BRIEF: Within the entries below, please retype exactly the lines starting with the line that has "Enjoy the comic" and going on through the line that has "ARQUITECTURA ASIRIA, Palacio", but not the pictures.

DATA UNDER STUDY:
################

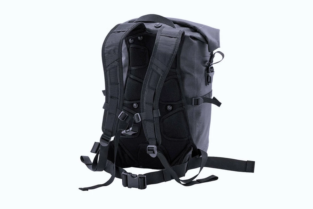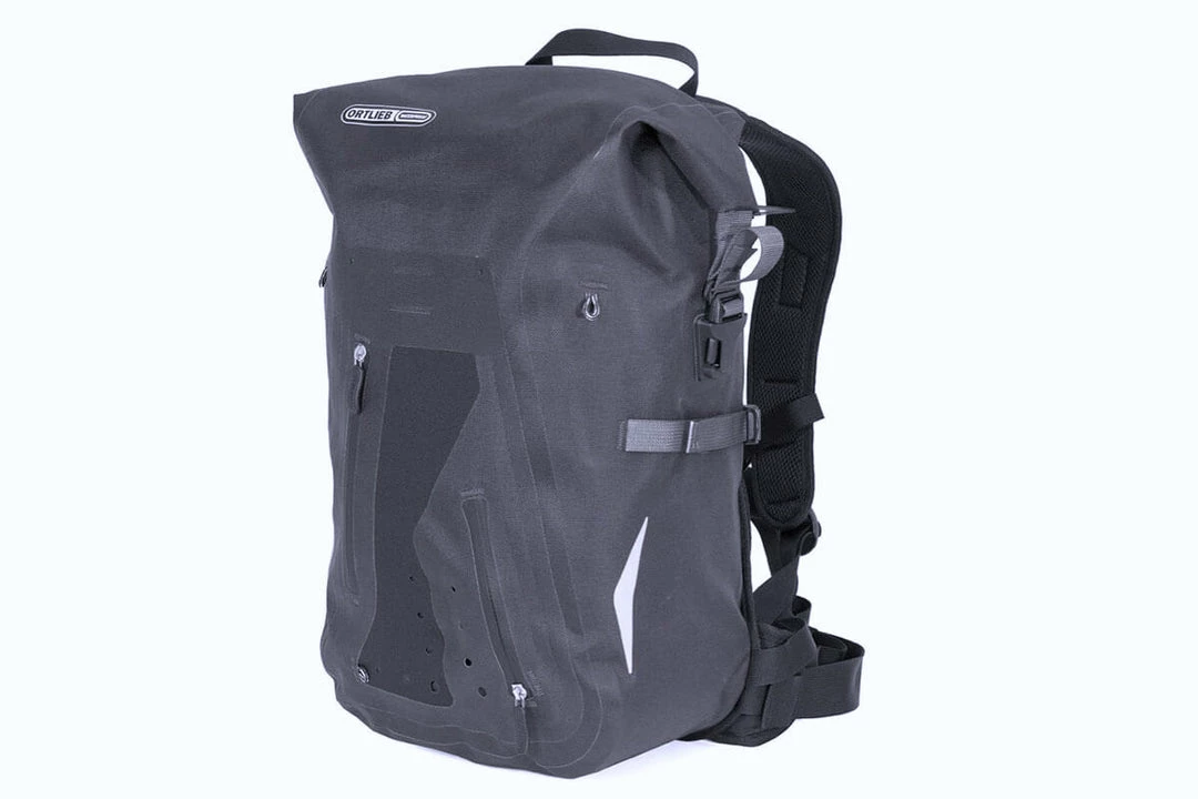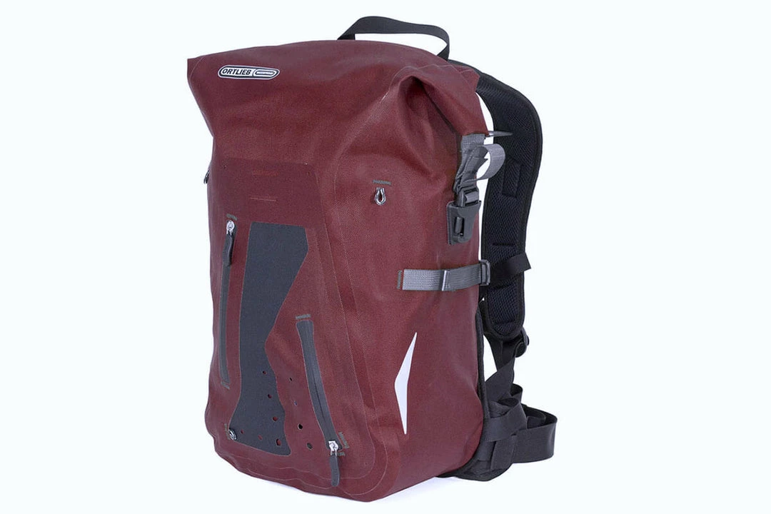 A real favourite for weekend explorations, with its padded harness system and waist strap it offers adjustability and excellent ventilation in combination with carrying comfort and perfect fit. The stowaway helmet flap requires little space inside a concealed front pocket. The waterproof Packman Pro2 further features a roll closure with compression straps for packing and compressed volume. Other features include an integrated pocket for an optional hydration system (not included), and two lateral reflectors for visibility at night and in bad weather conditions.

################

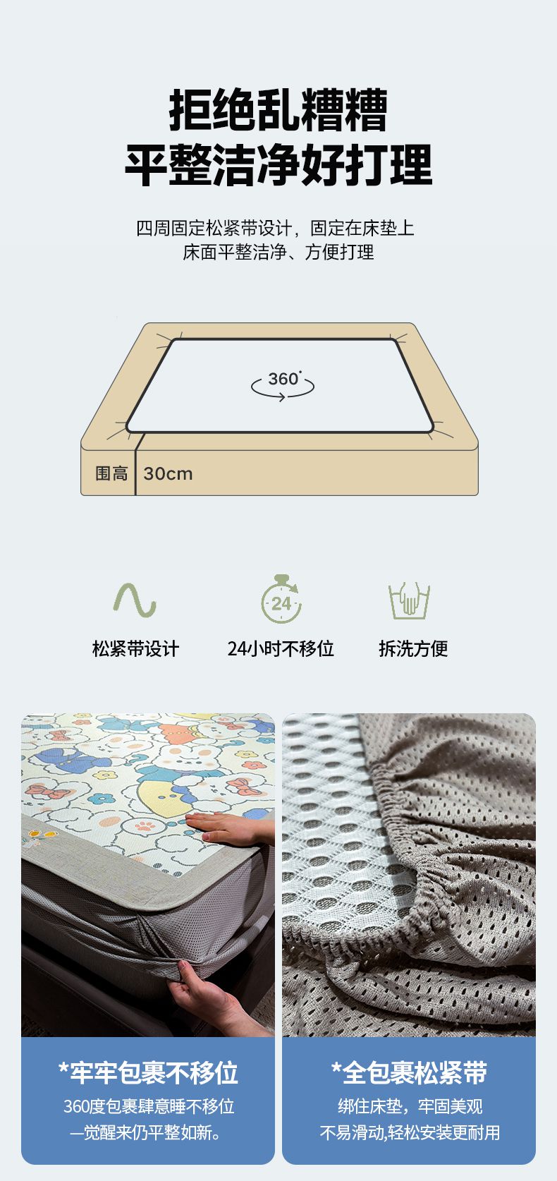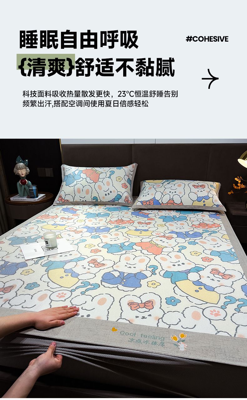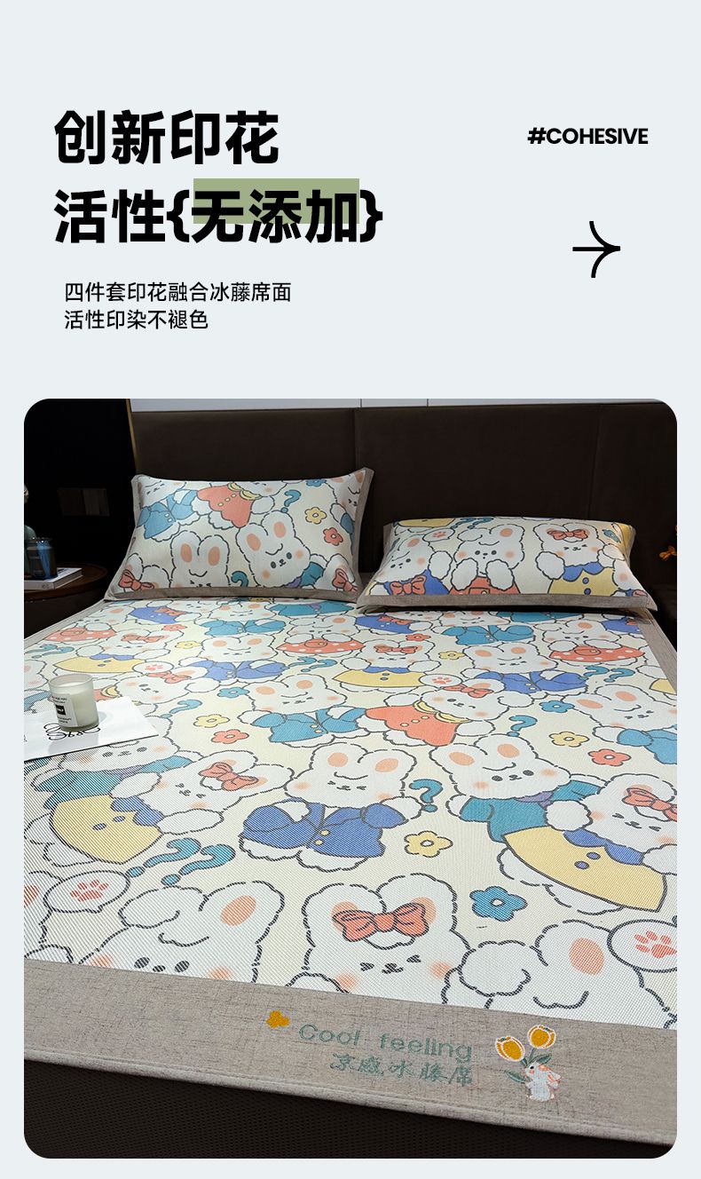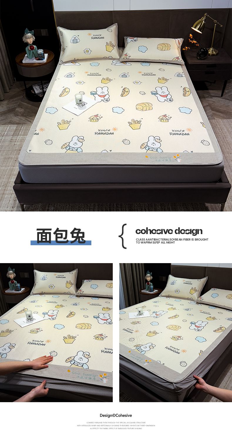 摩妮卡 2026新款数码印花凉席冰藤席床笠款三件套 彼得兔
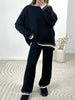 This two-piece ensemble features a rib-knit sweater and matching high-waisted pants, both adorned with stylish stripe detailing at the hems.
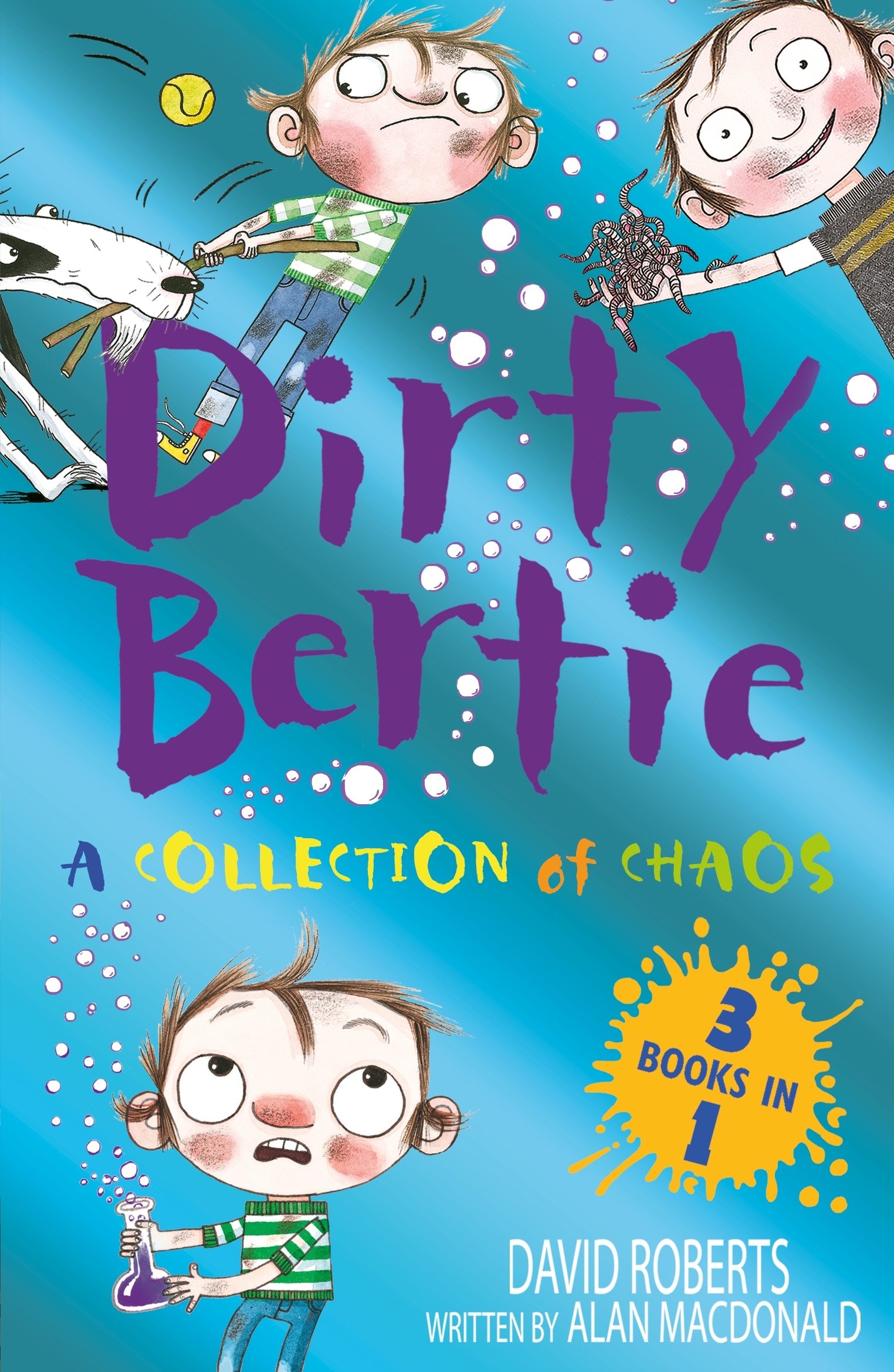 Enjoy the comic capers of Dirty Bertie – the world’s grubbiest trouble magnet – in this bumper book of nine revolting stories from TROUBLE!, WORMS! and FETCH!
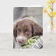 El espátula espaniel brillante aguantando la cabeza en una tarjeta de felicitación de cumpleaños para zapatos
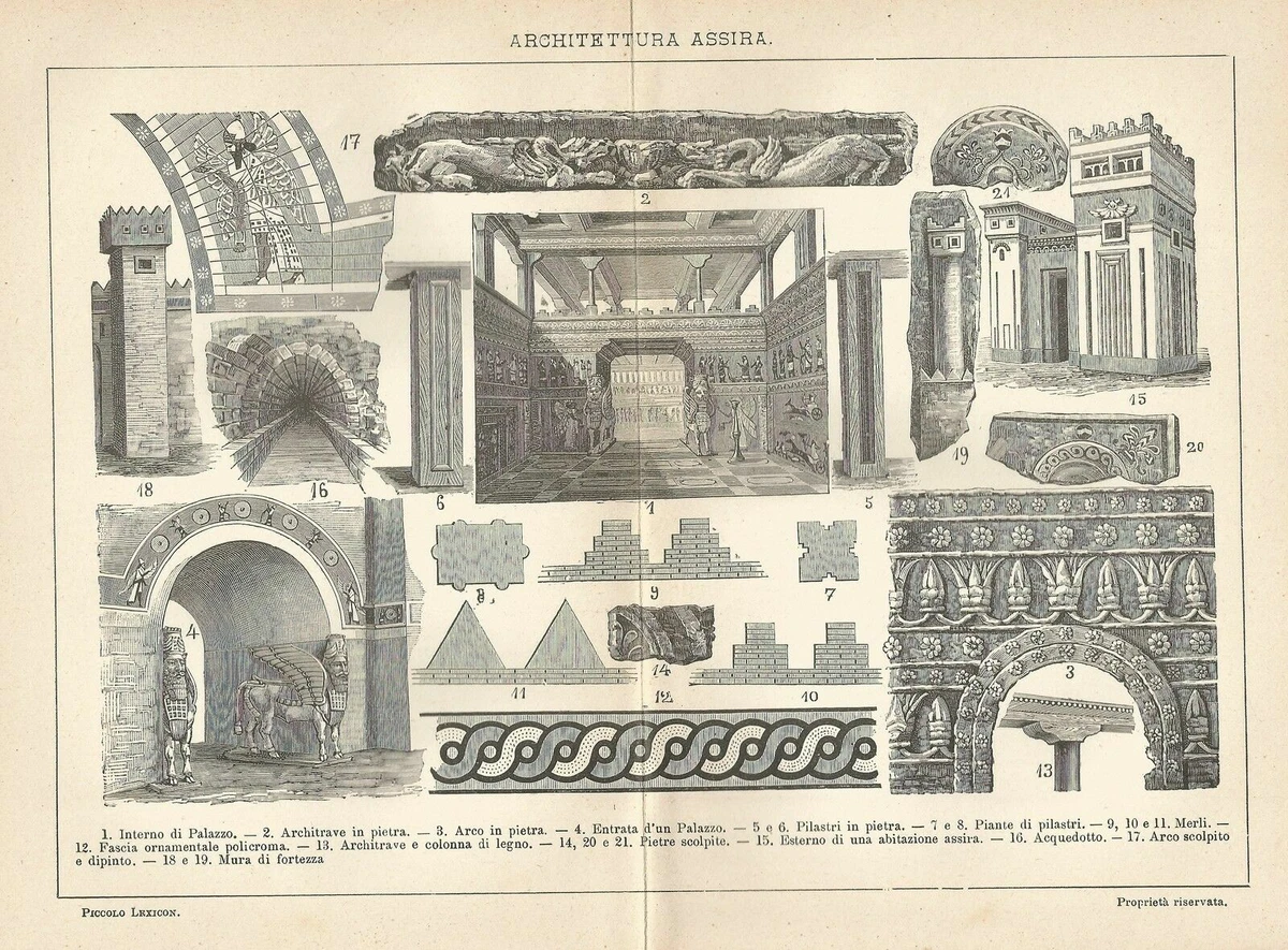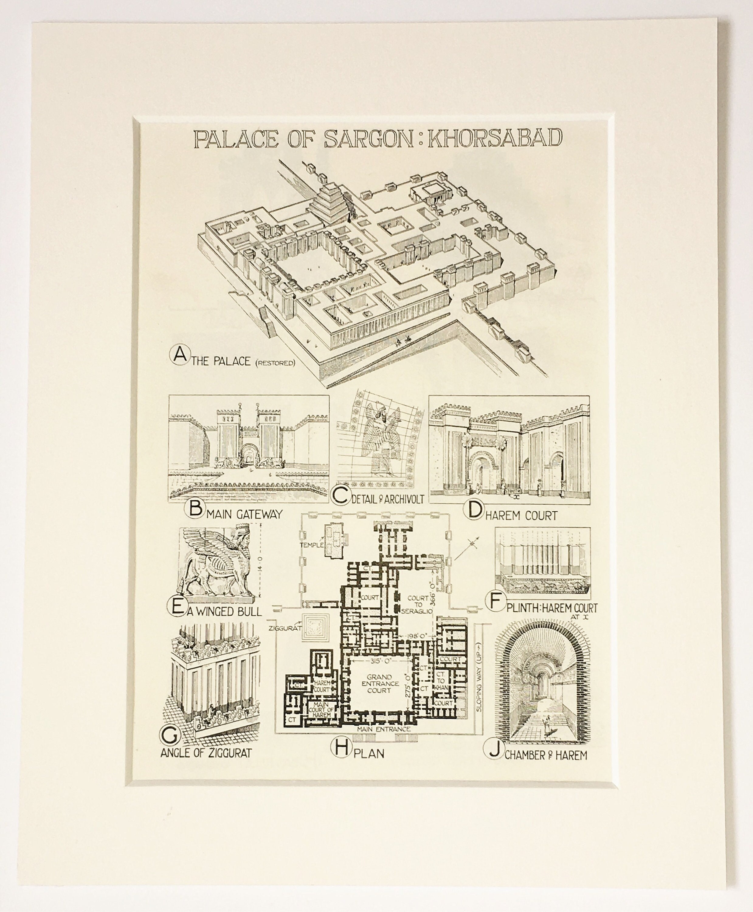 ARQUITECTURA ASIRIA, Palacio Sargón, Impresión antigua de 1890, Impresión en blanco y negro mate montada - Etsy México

################

SOLVED PROBLEM:
 Enjoy the comic capers of Dirty Bertie – the world’s grubbiest trouble magnet – in this bumper book of nine revolting stories from TROUBLE!, WORMS! and FETCH!
 El espátula espaniel brillante aguantando la cabeza en una tarjeta de felicitación de cumpleaños para zapatos
 ARQUITECTURA ASIRIA, Palacio Sargón, Impresión antigua de 1890, Impresión en blanco y negro mate montada - Etsy México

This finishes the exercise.